Беттина сразу ее поняла. Она попросила только быть снисходительнее к брату — в глубине души он добр и очень несчастлив.
— Но я ничуть на него не в обиде!
Даже Беттина — и та не хочет ей поверить. Мне и самой странно, что не умею ненавидеть, что забываю нанесенные оскорбления, — но те, что нанесла сама, — никогда. Зачем только они снова и снова вынуждают меня вспоминать о злосчастном случае?
По одному пункту, правда, она подвергла себя допросу с пристрастием: нет, она не давала ему ни повода, ни тем более права так на нее набрасываться. Она знает, франкфуртские кумушки давно прозвали ее «кокеткой» — обычная зависть засидевшихся на выданье купеческих дочек, и все же… Ей слишком хорошо известны причины, по которым женщину непроизвольно тянет, толкает навстречу мужчине: неприкаянность, боязнь унизительного одиночества. А мужчина, особенно если он самовлюблен и воображает, будто неотразим, готов даже в затаенной робости видеть призыв и поощрение. Значит, на себя полагаться нельзя, особенно ей, раз она чувствует, что способна отдаться любви не раздумывая и до конца. Но что до того случая с Клеменсом — тут она уверена. Он просто обознался. Надо ему об этом сказать.

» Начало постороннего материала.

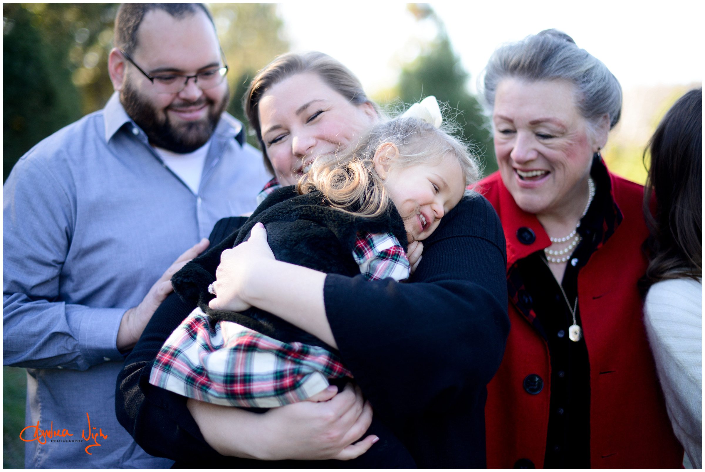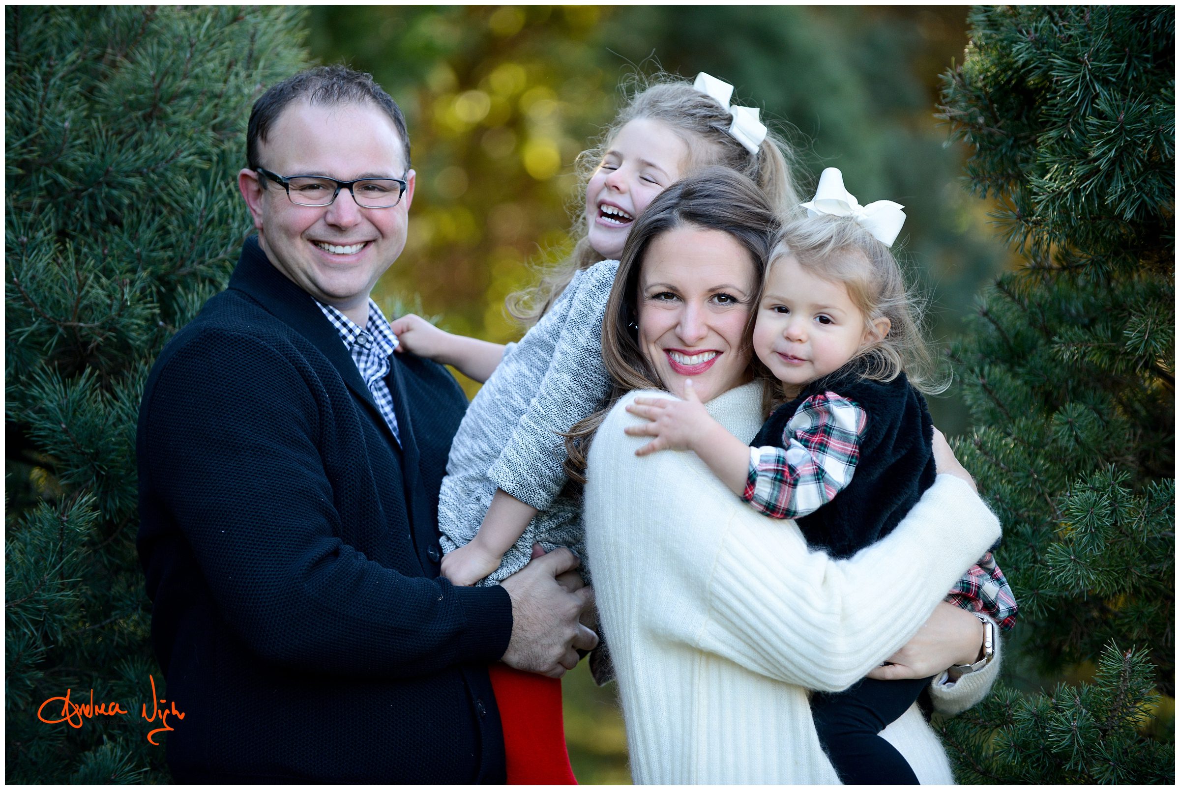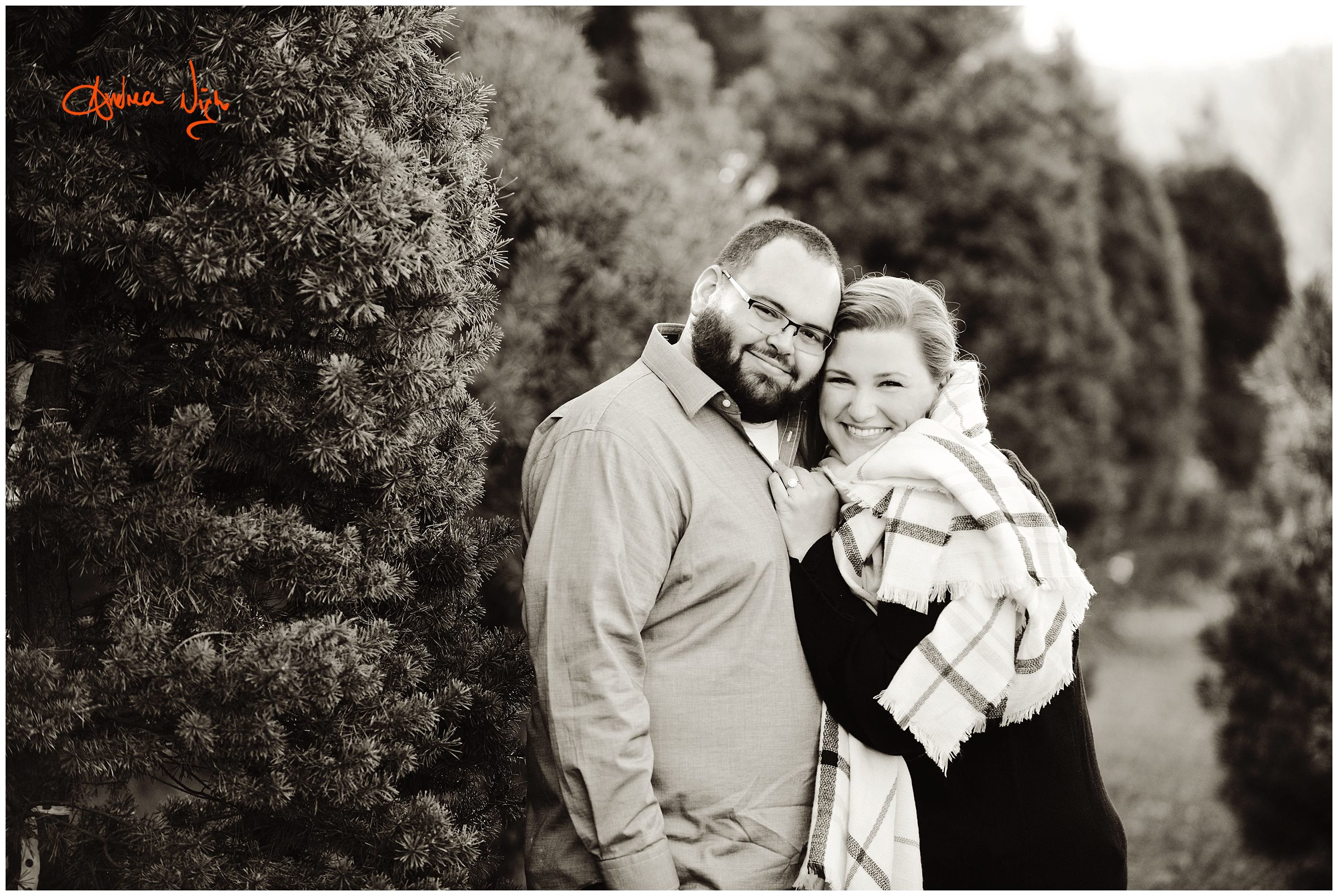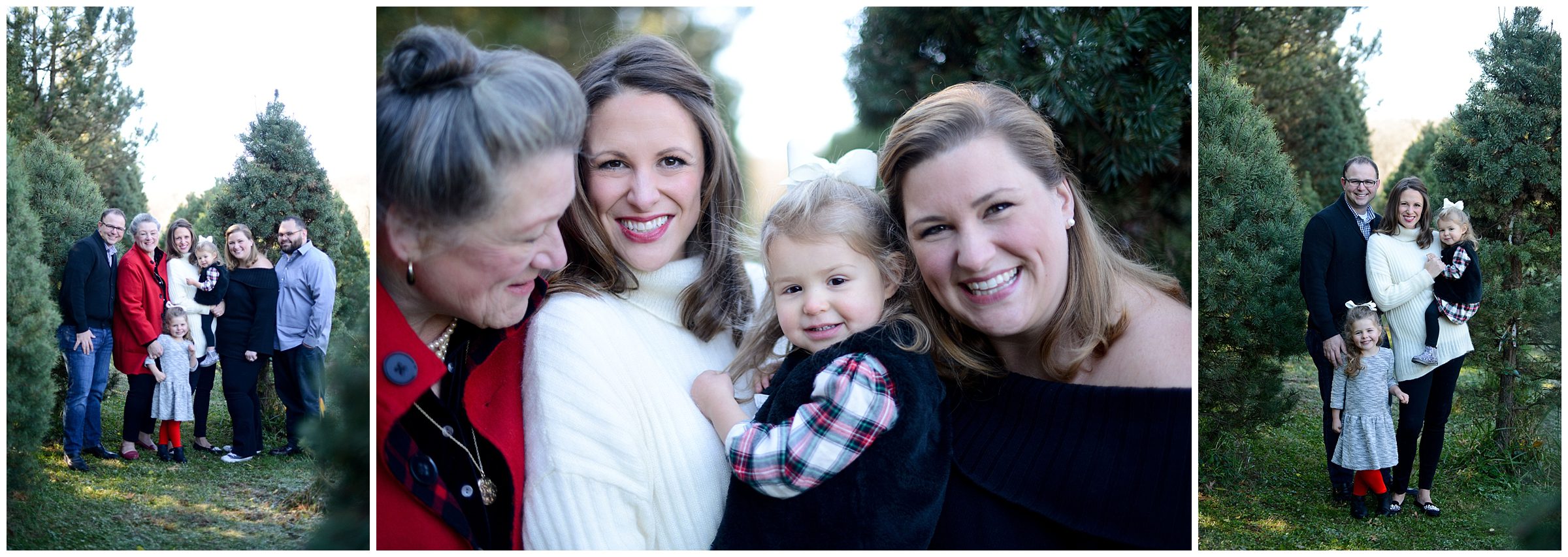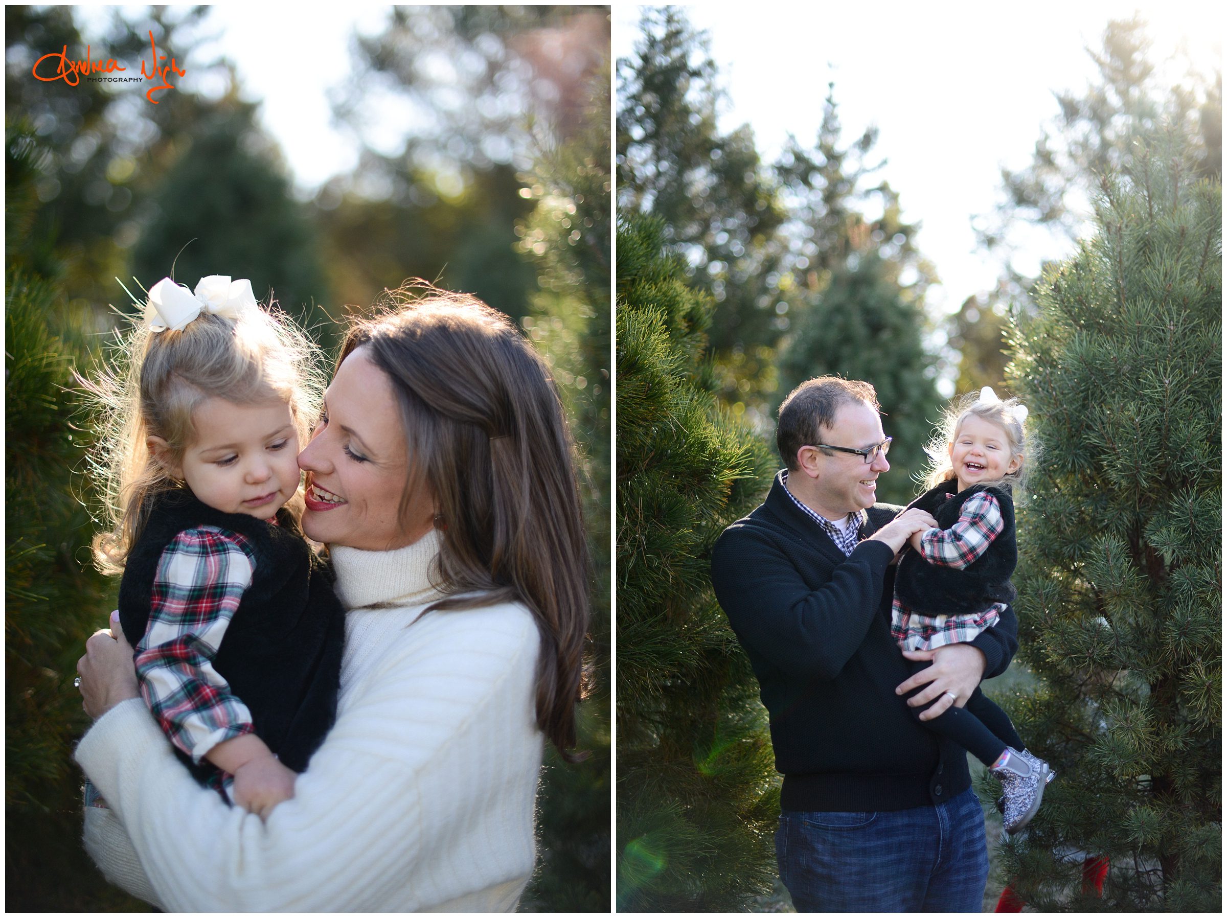 There is something magical about a Christmas tree farm that really puts you in the holiday spirit and I was so excited when the Dailey family wanted to do their pictures there! It was a chilly but beautiful morning at the farm and we had really awesome light for their pictures. I love that Laura’s mom, her sister & her sister’s fiancé were able to join us for the shoot as well! Thank you Dailey family for a fun shoot, I love how festive these are! Merry Christmas! Andrea

Удивительно, отвечает он, откуда у нее такое самомнение. Откуда это сознание собственной исключительности и столь необычная для слабого пола уверенность в своей правоте? Да будет ей известно: она просто высокомерна.
Этот упрек Гюндероде слышит не впервые, возражать бесполезно.
— Я знаю свои слабости, они не там, где вы их ищете.
Только не надо рассчитывать, что тебя поймут.
Несгибаемая женщина. Ей даже нет нужды быть властной. Облик ее будит в Клейсте странные воспоминания. В этот миг, когда она с примирительным смехом слегка тронула Брентано за плечо, будто задолжала ему извинение, в этот миг, когда миниатюрные, в золоченых завитушках часы на камине звякнули один раз, тонко и так тихо, что никто, кроме него, их не услышал, — именно в этот миг он вспомнил свою Вильгельмину, шпильки в ее волосах. Как сейчас, он видит себя в ее летней беседке в саду за ценгеновским домом во Франкфурте-на-Одере; заросли жимолости укрыли их от посторонних взглядов, между ними на маленьком белом столике книга, «Луиза» Фосса[160]
. Вильгельмина, сама покорность, мягко склонила голову и позволяет ему играть своими волосами, распускать их; он и сейчас ощущает ее волосы на кончиках пальцев; и, как сейчас, снова чувствует — такое не забывается, — что чувствовал тогда: смущение и вину. Теперь его трогает эта картина. Почему же там, когда все было не далекой немой сценой, а настоящим свиданием, почему тогда она оставила его столь постыдно безучастным? Он, влюбленный, которому, видит бог, пристало тогда не созерцать, но действовать, и она, Вильгельмина, бедное дитя, вовсе не бесплотный вымысел живописца, как на том медальоне — медальон, впрочем, он ей вернул, так уж водится, — а близкая, земная, нежная невеста. И легкий тлен разочарования, казалось, разлитый в воздухе…Что за врожденный порок — всегда быть мыслями в том месте, где тебя нет, или в том времени, что уже минуло или еще не настало.